Statt einen anderen Star zu suchen, gab Intendant Nikolaus Bachler dem Nachwuchs eine Chance - mit Erfolg. Die erst 24 Jahre alte Irin Tara Erraught wurde am Sonntagabend für ihre Leistung als „Romeo“ vom Publikum gefeiert.
Es war ein Premierenabend, der von musikalischer und szenischer Zurückhaltung geprägt war. Die Begeisterung des Münchner Publikums galt besonders einer sehr erleichterten Tara Erraught, die die Partie in nur fünf Tagen gelernt hatte, und ihrer Partnerin Eri Nakamura (Giulietta). Der franko-kanadische Dirigent Yves Abel sowie das Regieteam um die Franzosen Vincent Boussard und Modeschöpfer Christian Lacroix wurden ebenfalls mit viel Applaus bedacht.
Da störte es auch nicht, dass Erraught und Nakamura im zweiten Teil der Oper eher Hänsel und Gretel ähnelten als Romeo und Julia. Dies lag zum einen an der Regie, die weit davon entfernt war, Romeo und Julia als den Inbegriff eines Liebespaares zu zeigen. Zum anderen war das der zurückhaltenden und etwas kindlichen Ausstrahlung sowie den noch jungen zarten Stimmen der beiden Sängerinnen geschuldet.
Das karge Bühnenbild bestand nur aus ein paar aufgehängten Sätteln, einer Treppe, sowie einigen Umrissen von Pferden und Schlachtengemälden im Hintergrund. Bewundern durfte man zu Beginn des zweiten Teils ein Defilee von Statistinnen in prächtigen Kleidern des Modeschöpfers Christian Lacroix, das zwar dramaturgisch keinen Sinn ergab, aber zumindest recht beeindruckend aussah.

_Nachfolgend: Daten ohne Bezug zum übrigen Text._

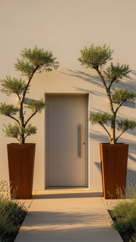 Swap your matching pots for sculptural steel planters and let slender olive trees introduce sculpted movement and Mediterranean warmth to the entry. You’ll favor minimalist silhouettes that frame the door without crowding it. Choose weathered steel planters for contrast, prune olives into an olive topiary for airy form, and keep placement simple — freedom to arrive and leave with effortless, modern elegance.

Vincent Boussards Inszenierung wollte weder schockieren noch provozieren. Der Chor - in Kostümen des 19. Jahrhunderts mit Frack mit Zylinder - durfte brav nach vorne singen und wurde durch keinerlei Regieanweisungen abgelenkt. Auch zwischen den Solisten fand wenig direkte Interaktion statt, eine Personenregie suchte man vergebens.
Yves Abel, der erstmals an der Bayerischen Staatsoper dirigierte, war den Sängern ein sehr umsichtiger Begleiter, der viel Wert auf musikalische Details legte und das Orchester, zu dessen favorisierten Komponisten Bellini nicht gehört, sehr zurücknahm. Das Filigrane und Intime seines Dirigates passte gut zum pastellfarbenen Bühnenbild sowie den fast zerbrechlich wirkenden Hauptdarstellerinnen. So waren alle Komponenten der Aufführung zwar sehr stimmig, der Abend wirkte aber zeitweise ein wenig gebremst.
Das Publikum - erleichtert ob eines ästhetischen, wenn auch regielosen Abends - bejubelte Tara Erraught und dankte den restlichen Mitwirkenden mit viel Applaus. „I Capuleti e i Montecchi“, frei nach William Shakespeares „Romeo und Julia“, war seit 1834 erstmals wieder an der Bayerischen Staatsoper zu hören.